Methods: In ovalbumin (OVA)-sensitized asthmatic mice, we assessed pulmonary histopathology, inflammatory cell counts and Th2 cytokine levels (IL-4, IL-5, and IL-13) in bronchoalveolar lavage fluid (BALF), airway hyperresponsiveness (AHR), and airway epithelial Pyroptosis. To investigate the effects of PM2.5 on airway epithelial cells, BEAS-2B cells were exposed to PM2.5. Cell viability was evaluated using the CCK-8 assay, while pyroptosis-related protein levels and inflammatory cytokine release were analyzed by Western blot and ELISA, respectively. Additionally, transmission electron microscopy (TEM) was employed to examine PM2.5-induced ultrastructural changes in BEAS-2B cells. To further elucidate the underlying mechanism, we administered the NLRP3 Inhibitor MCC950 and the Caspase-1 inhibitor Ac-YVAD-cmk to verify the involvement of NLRP3 inflammasome activation and Pyroptosis in PM2.5-exposed asthmatic mice.
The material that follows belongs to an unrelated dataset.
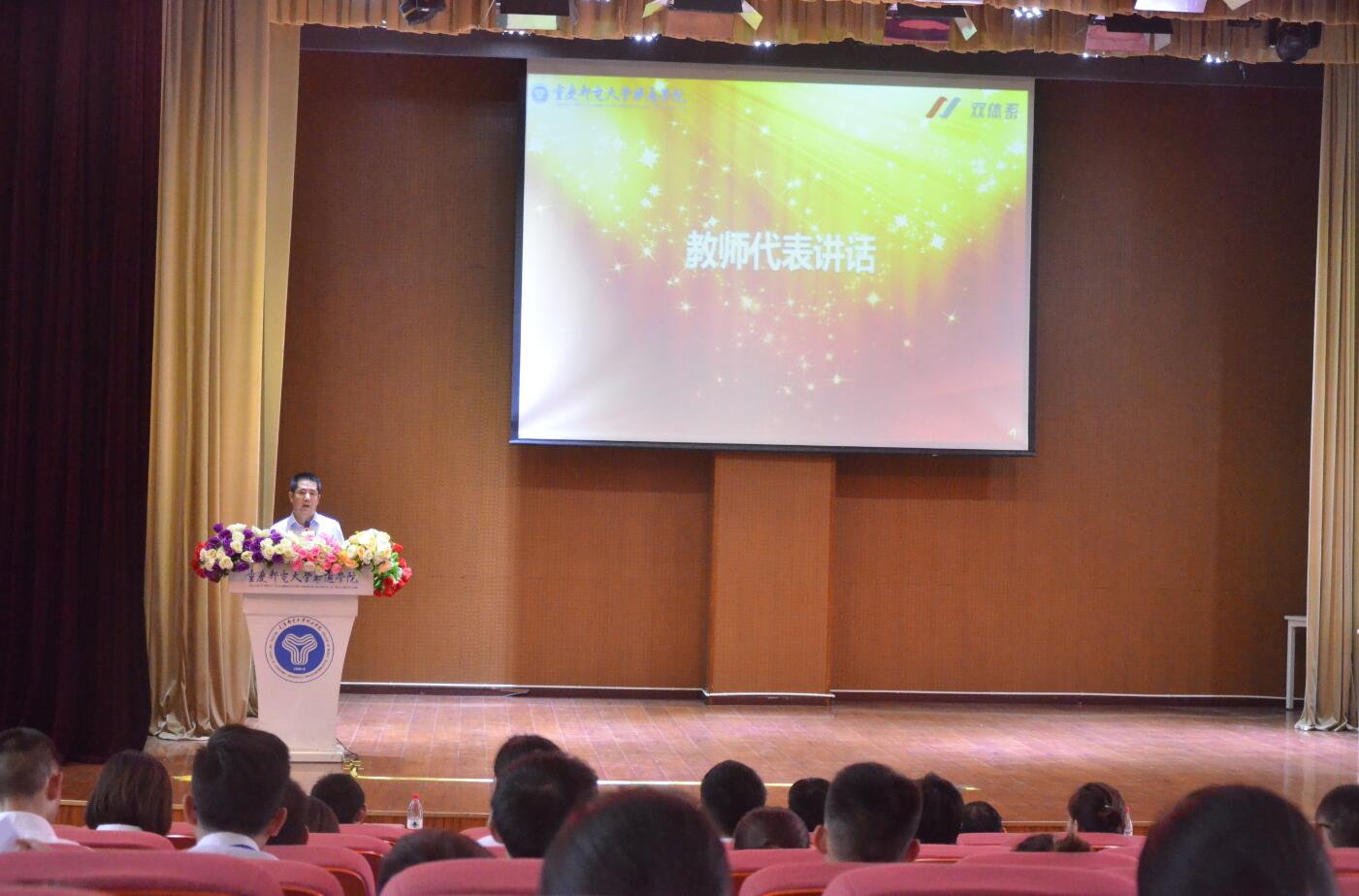 14时30分,在老师和同学们的掌声之中,开学典礼正式开始。由重庆邮电大学移通学院院长助理周伟老师宣读公文,在录取公文宣读的过程中,同学们神情肃然,背也悄然的挺直,为正式获得双体学子这份殊荣感到骄傲和神圣,随后周伟老师向同学们表达了学校对全体学员殷切的期许。
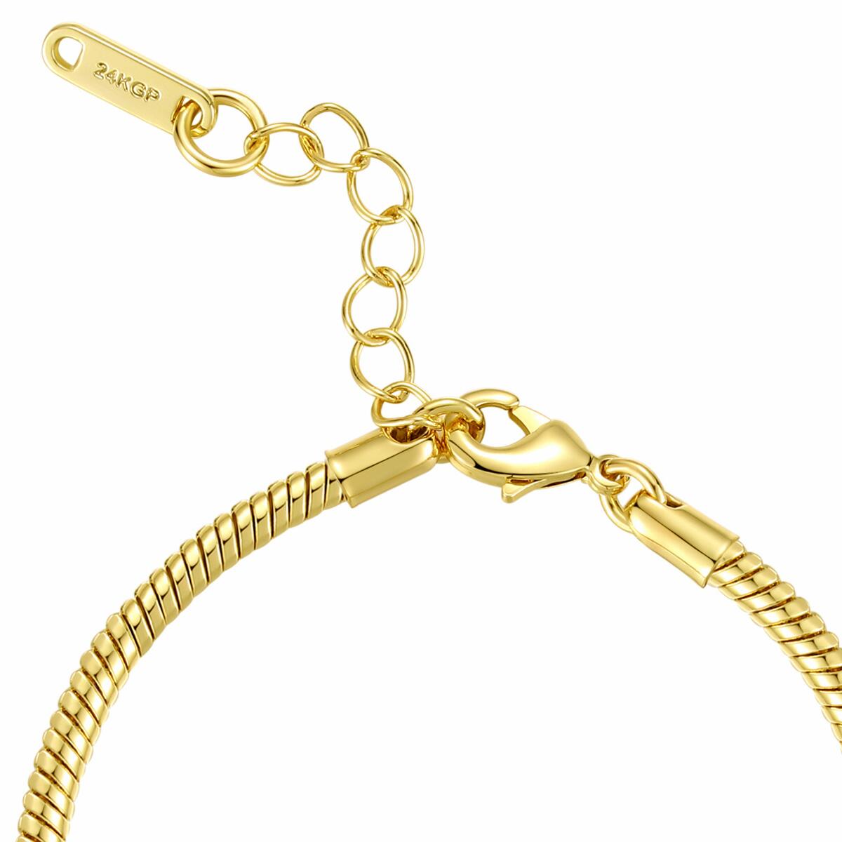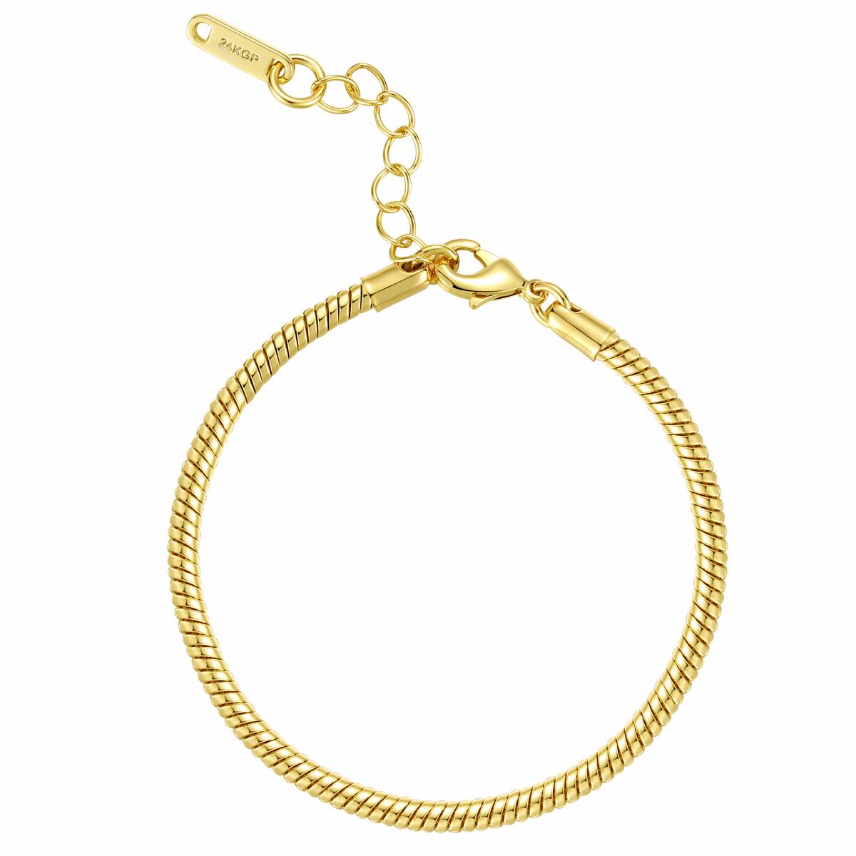 DJADEE Damen Armband "Snake"Klassisch und vielseitig kombinierbar. Einzeln schlicht und feminin, aber auch perfekt in Kombination mit anderen Armbänder - so präsentiert sich dieses glänzende Schlangenarmband. Die Breite beträgt 3 mm, als Verschluss dient ein Karabiner. Passend zu diesem Armband gibt es eine Kette als perfekte Ergänzung.Das Armband ist 24 Karat (999er Gold) vergoldet und garantiert daher eine luxuriöse Ausstrahlung.

Results: PM2.5 exposure significantly aggravated airway inflammation in asthmatic mice, as demonstrated by elevated histopathological inflammatory scores in lung tissues and increased pro-inflammatory cytokine levels in BALF. Furthermore, PM2.5 upregulated the abundance of pyroptosis-related markers, namely NLRP3, Caspase-1, GSDMD, and IL-1β, in the lung tissues of asthmatic mice. In BEAS-2B cells, PM2.5 exposure led to a dose-dependent reduction in cell viability and promoted the activation of NLRP3 inflammasome, subsequently leading to Caspase-1-mediated GSDMD cleavage and IL-1β secretion. TEM further confirmed Pyroptosis, revealing characteristic morphological alterations such as cytoplasmic vacuolation, mitochondrial swelling, and plasma membrane pore formation in BEAS-2B cells exposed to PM2.5. Critically, inhibition of NLRP3 (MCC950) or Caspase-1 (Ac-YVAD-cmk) markedly attenuated PM2.5-induced Pyroptosis and ameliorated airway inflammation in asthmatic mice, underscoring the pivotal role of the NLRP3/Caspase-1/GSDMD axis in this pathogenic process.

Conclusion: Our findings demonstrate that PM2.5 exposure induces airway epithelial Pyroptosis through NLRP3 inflammasome activation, thereby exacerbating airway inflammation in asthmatic mice.

Airway epithelial cells; Airway inflammation; Asthma; PM2.5; Pyroptosis.